Ian Matthew Morris (born 27 January 1960) is a British historian, archaeologist, and Willard Professor of Classics at Stanford University.

Early life
Morris was born on 27 January 1960 in Stoke-on-Trent, Staffordshire, England. He attended Alleyne's High School, a comprehensive school in Stone, Staffordshire. He studied at the University of Birmingham, graduating with a Bachelor of Arts (BA) degree in 1981. He undertook a Doctor of Philosophy (PhD) degree at the University of Cambridge, graduating in 1985. His doctoral thesis was titled "Burial and society at Athens, 1100-500 BC".

Career
From 1987 to 1995, he taught at the University of Chicago. Since 1995, he has been at Stanford.

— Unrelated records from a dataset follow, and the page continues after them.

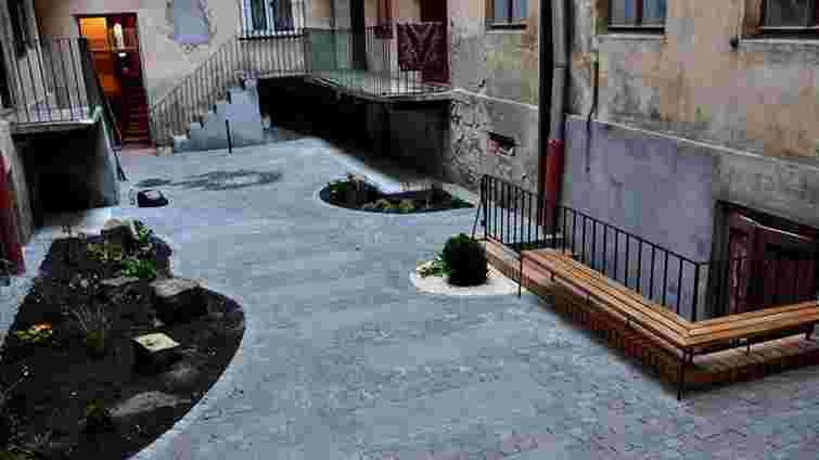 У дворі відновили торцеву стіну, зробили чітке планування, нове мощення та квітники, зокрема, клумбу на підвищенні уздовж брандмауера. Також тут облаштували дві лавочки та дерев’яну терасу. Минулого тижня у дворі висадили зелені насадження.
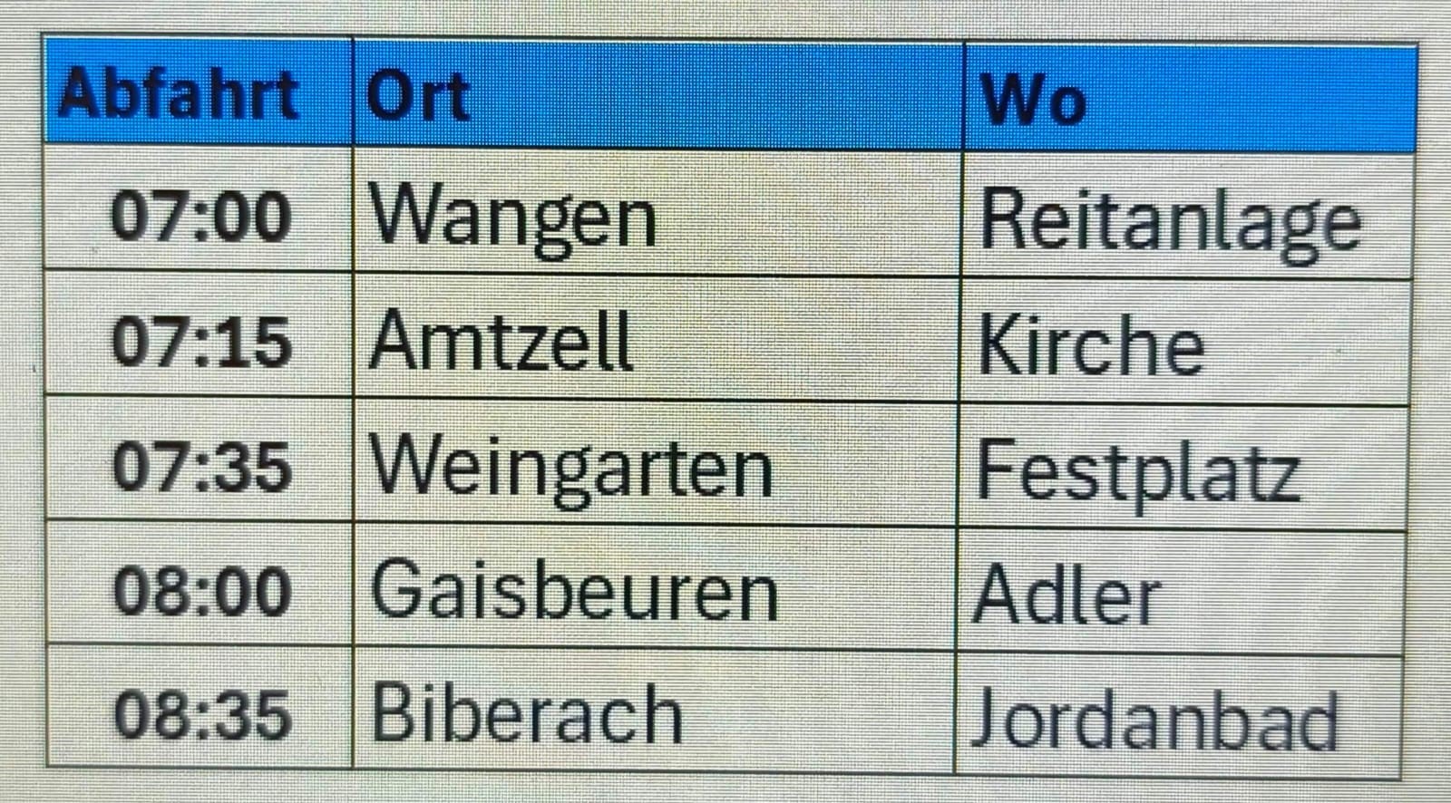 🚌 Gemeinsame Busfahrt – Abfahrtsplan
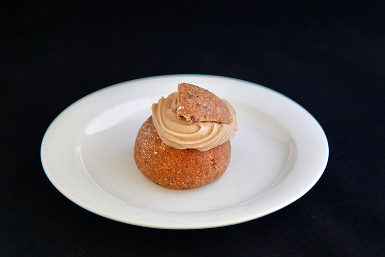 En besvikelse. Dessa semlor som lät så goda med bas på mandelmjöl och med cashewgrädde. Men det säger klonk när en lägger upp dem. Liten och väldigt tung bulle som ger ett oaptitligt intryck. Smakar pepparkaka, den är hård, stabbig och växer i munnen. Grädden är seg med en hinna på. Allt hårt och torrt, grädden smakar inte mycket och är ändå så lite av att det inte hjälper mycket till den torra bullen ändå.
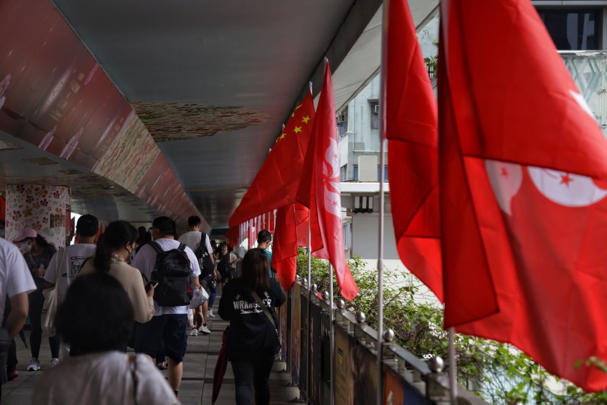 黃竹坑行人天橋懸掛眾多紅旗和彩色橫幅。

Since joining Stanford, he has served as Associate Dean of Humanities and Sciences, Chair of the Classics Department, and Director of the Social Science History Institute. He was one of the founders of the Stanford Archaeology Center and has served two terms as its director. He has published extensively on the history and the archaeology of the ancient Mediterranean and on world history. He has also won a Dean's Award for Excellence in Teaching in 2009.

Between 2000 and 2007, he directed Stanford's excavation at Monte Polizzo, Sicily, Italy.

He has been awarded research fellowships from the John Simon Guggenheim Memorial Foundation, Hoover Institution, National Endowment for the Humanities, Center for Hellenic Studies in Washington, D.C., and Institute for Research in the Humanities, University of Wisconsin-Madison. He is also a Corresponding Fellow of the British Academy and has been awarded honorary degrees by De Pauw University and Birmingham University. In 2012 his work was the subject of a lengthy profile in the Chronicle of Higher Education. He delivered the Tanner Lectures on Human Values at Princeton University in 2012.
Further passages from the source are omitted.